Make your views heard AS the Biomass Power Station project is a Development of National Significance (DNS), the planning application is not being handled by Pembrokeshire County Council, but the Planning Inspectorate in Cardiff: a regrettable situation as far as local democracy is concerned, but people must not be discouraged when it comes to raising objections.

Under the DNS rules, the Planning Inspectorate requires PCC as the local planning authority to submit a Local Impact Report.

The submission deadline for the Local Impact Report is also the date for interested parties to lodge their objections to the project, so unfortunately the people of Pembrokeshire will not know what is in the report until it is too late to do anything about it.

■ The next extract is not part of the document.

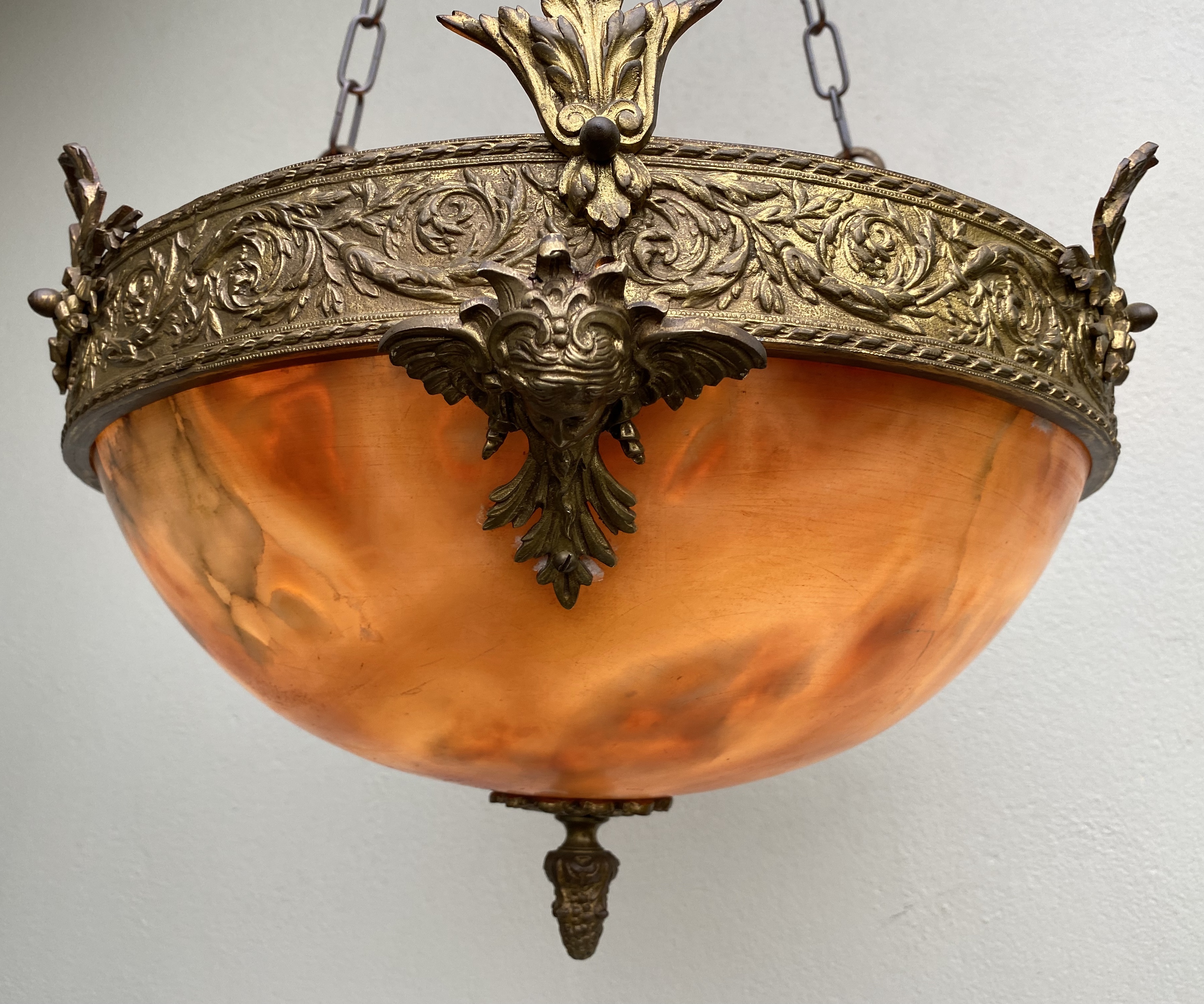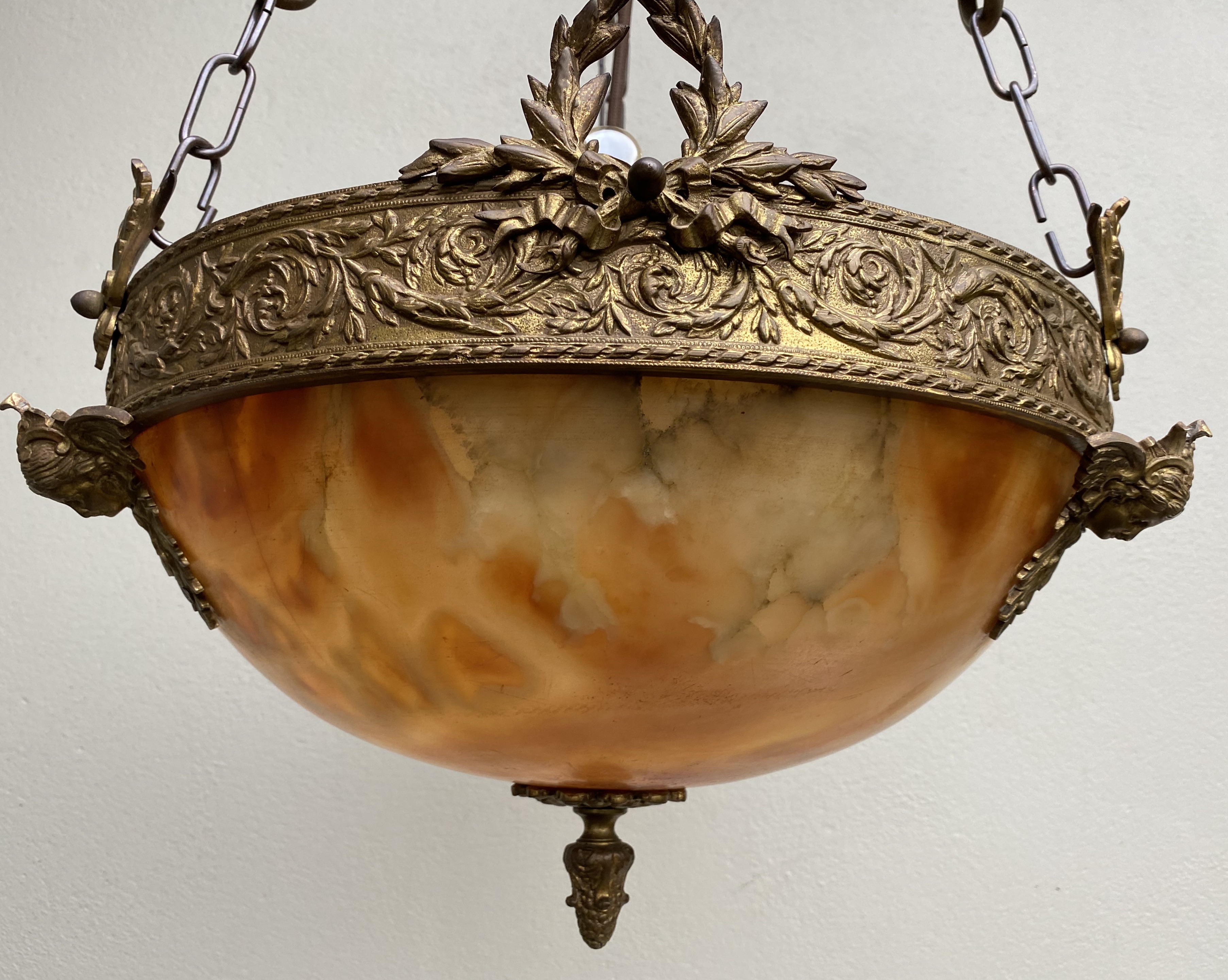 Ver\y impressive large 1930's French alabaster ceiling light shade with figural solid bronze mounts and fittings.

Friends of the Earth Pembrokeshire are therefore openly urging the county council to ensure that their Local Impact Report includes the following crucial points: lWhilst Egnedol say their proposed 60 metre high chimney will adequately disperse smoke and fumes, the base of that chimney won’t be far above sea level. All of us have seen plumes spreading horizontally from refinery chimneys during strong winds, so logically there is a risk of the Egnedol plume grounding when it encounters the higher land to the north of the site: for example, just outside Steynton the Ordnance Survey datum is 70m, and it is 73m just east of the new Johnston School.

Egnedol no longer propose to resurrect the old Gulf rail connection for fuel handling, therefore their consumption of 100,000 tonnes a year of prepared Welsh biofuel will result in, we estimate, an extra 16,000 annual HGV movements in the county, with 8,000 of these involving journeys through Pembroke Dock.